### Prompt
The answer must reproduce exactly the lines from the one with "Let a circle" through the end of the material, and it must contain no pictures.

### Supplied entries
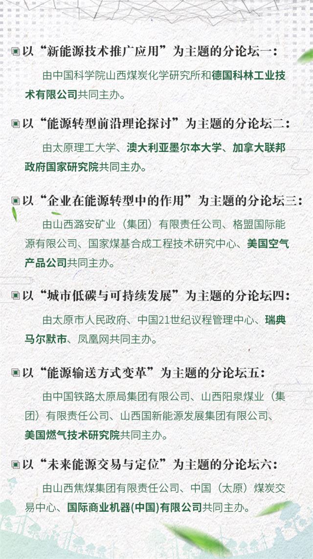 据悉,由山西省人民政府与科技部、商务部、国家能源局共同主办的太原能源低碳发展论坛包括一场高峰论坛、六场分论坛、一场国际合作会议。
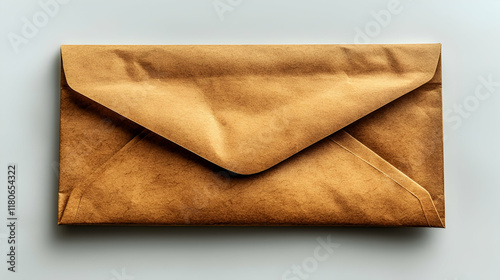 Brown kraft envelope on white background, simple mail correspondence, flat lay, minimal design, for communication concept.
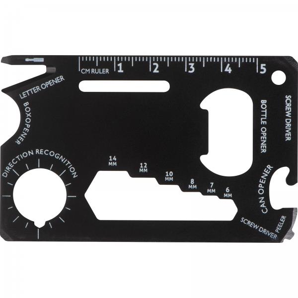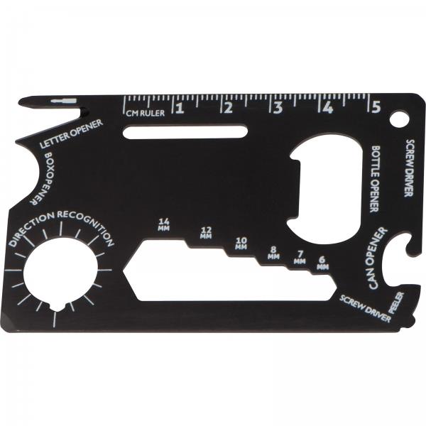 Karta survivalowa wykonana z aluminium. Zawiera: linijkę, otwieracz do butelek, otwieracz do puszek, śrubokręt, Logotyp można umieścić bezpośrednio na produkcie.
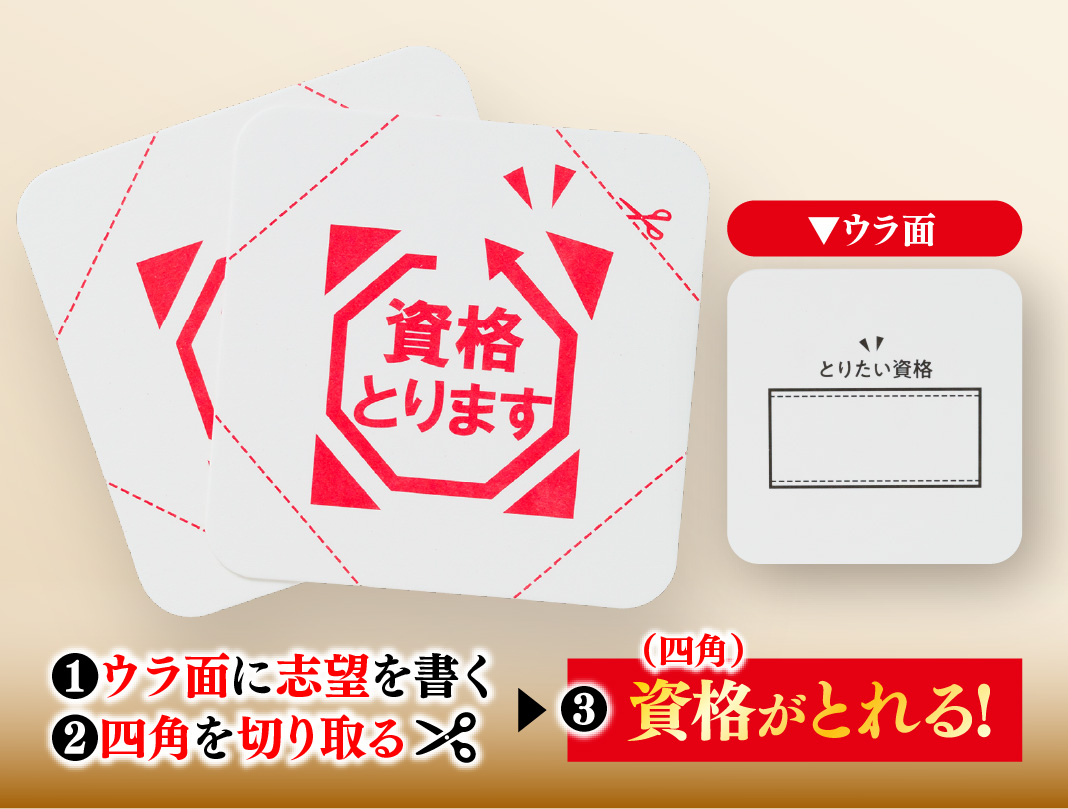 ウラ面の「取りたい資格」に、自分が目指す資格を書きます。裏面の切り取り線に沿って切り取ることで資格(四角)を取ることができます。切り取ったものは、お守りとしてご利用ください。
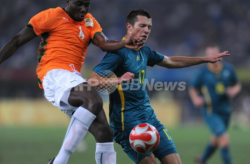 五輪 コートジボワール 決勝トーナメント進出 2008年8月13日 23:08 発信地:天津/中国 [ 中国・台湾 中国 ] このニュースをシェア ‹ › ❮ 2/2 ❯ コートジボワールのスレイマン・バンバ(%%Souleymane Bamba%%、左)と競り合うオーストラリアのニキタ・ルカビチャ(%%Nikita Rukavytsya%%、右)。(2008年8月13日撮影)(c)AFP/Peter PARKS 画像作成中 ! 【8月13日 AFP】北京五輪、男子サッカー・一次リーグA組、コートジボワール対オーストラリア。試合はコートジボワールが1-0でオーストラリアを下し、A組2位で決勝トーナメント進出を決めた。(c)AFP 五輪 一覧へ> メディア・報道関係・法人の方向け 写真・動画 購入のお問合せ>
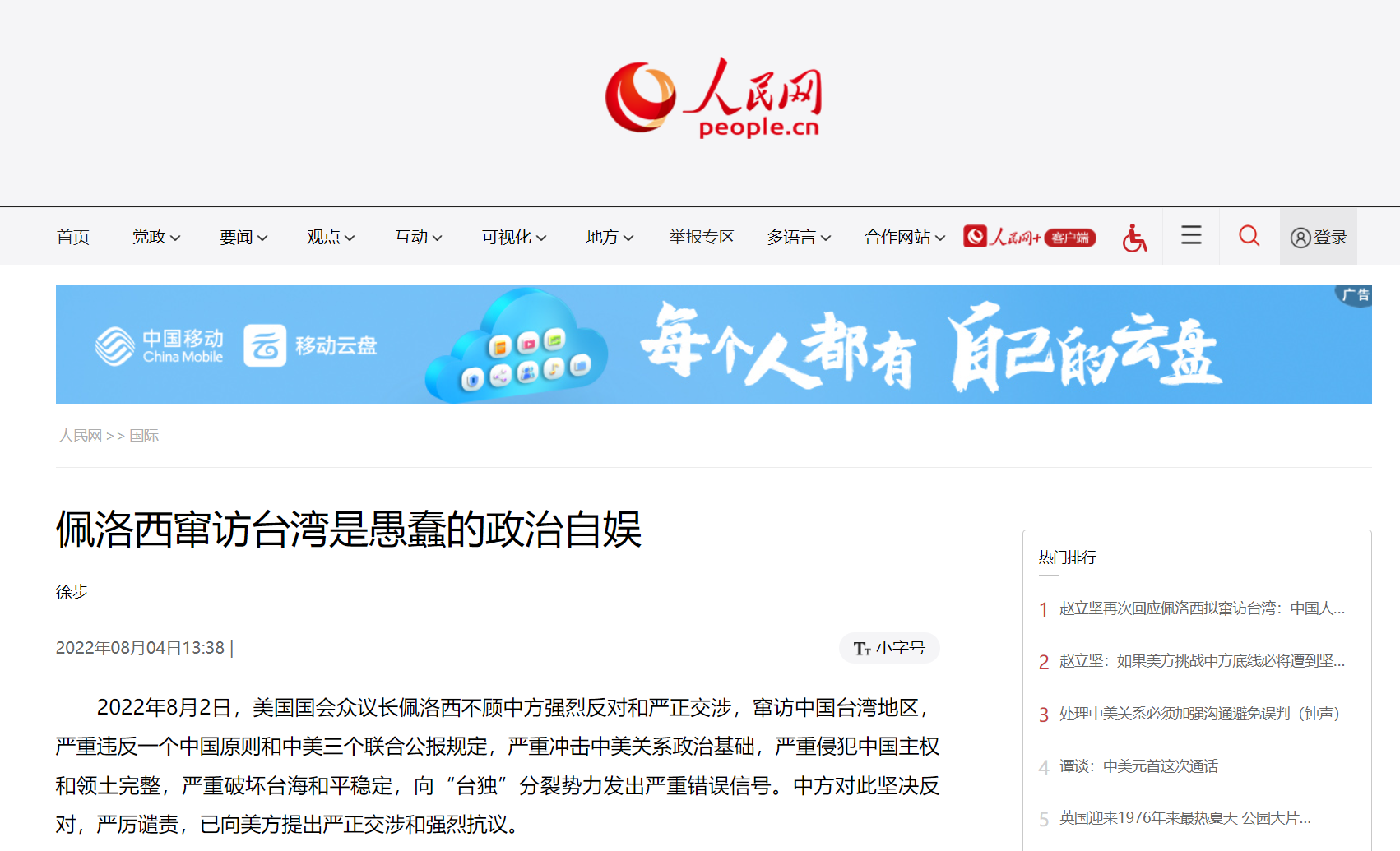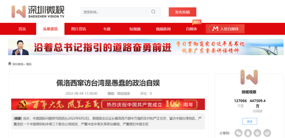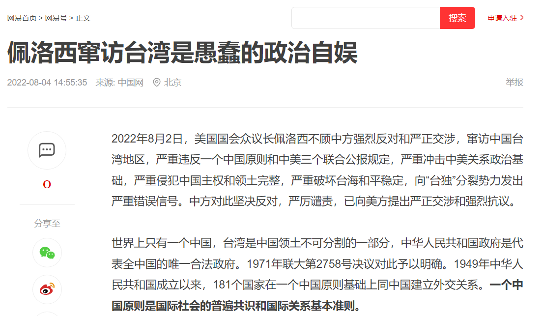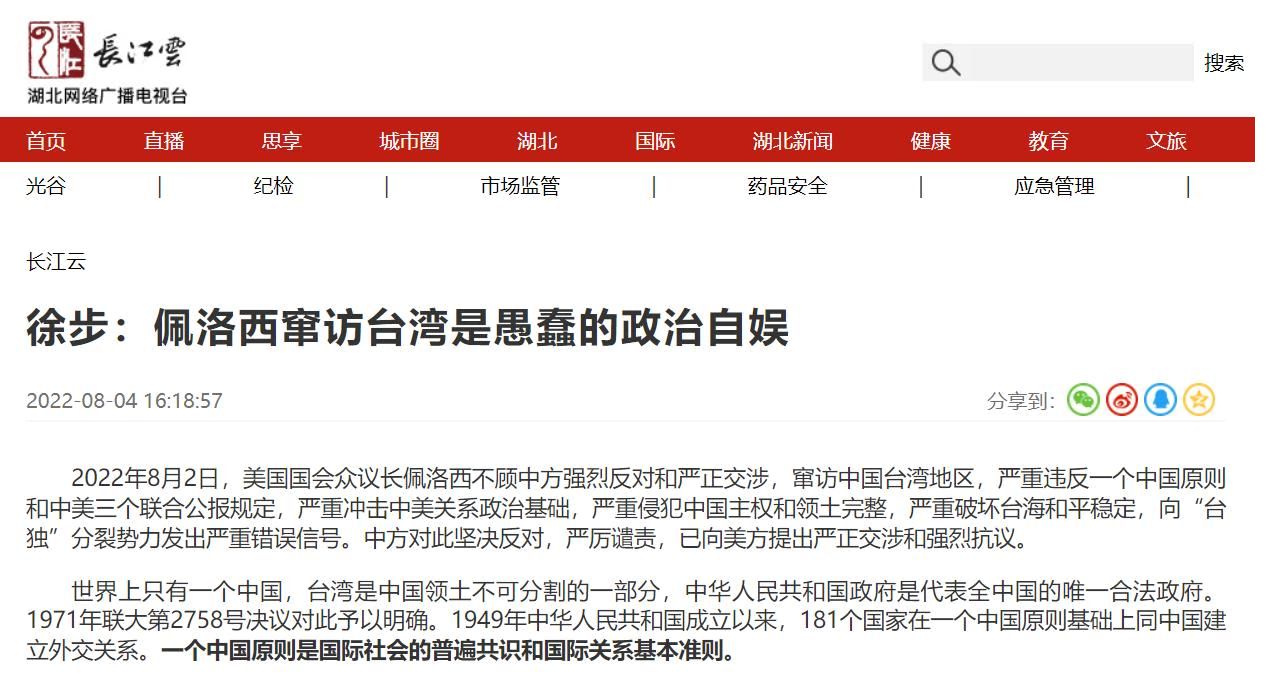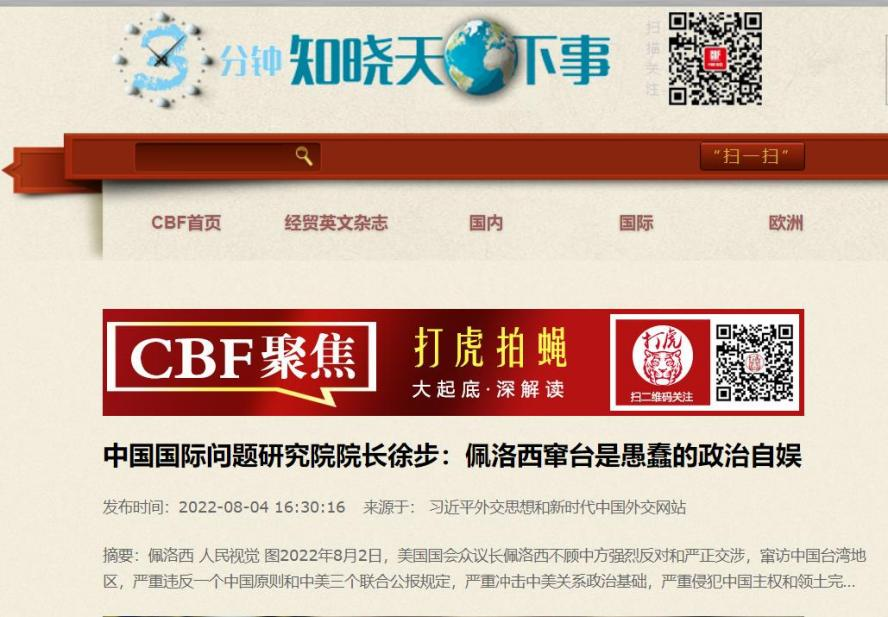 中国国际问题研究院徐步院长8月4日在中国网首发文章《佩洛西窜访台湾是愚蠢的政治自娱》,各大网媒纷纷转载,引起广泛关注。
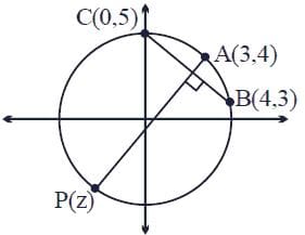Let a circle C in complex plane pass through the points z1 = 3 + 4i, z2 = 4 + 3i and z3 = 5i. If z(≠ z1) is a point on C such that the line through z and z1 is perpendicular to the line through z2 and z3, then arg(z) is equal to:
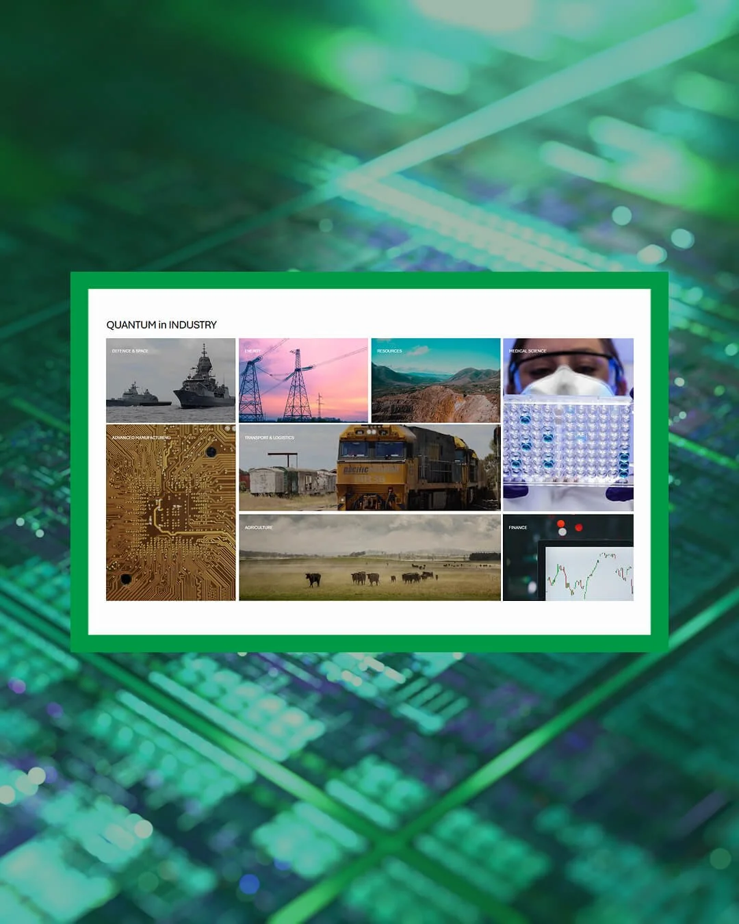 The future isn’t one industry. It’s the collision between many. When we designed the Quantum Australia website, one of the key challenges was communicating this breadth without losing clarity. Quantum technology intersects with defence, health, agriculture, finance, energy and more. The website needed to reflect that ecosystem and easily navigate to information about each sector.

### Output for this exercise
Let a circle C in complex plane pass through the points z1 = 3 + 4i, z2 = 4 + 3i and z3 = 5i. If z(≠ z1) is a point on C such that the line through z and z1 is perpendicular to the line through z2 and z3, then arg(z) is equal to:
 The future isn’t one industry. It’s the collision between many. When we designed the Quantum Australia website, one of the key challenges was communicating this breadth without losing clarity. Quantum technology intersects with defence, health, agriculture, finance, energy and more. The website needed to reflect that ecosystem and easily navigate to information about each sector.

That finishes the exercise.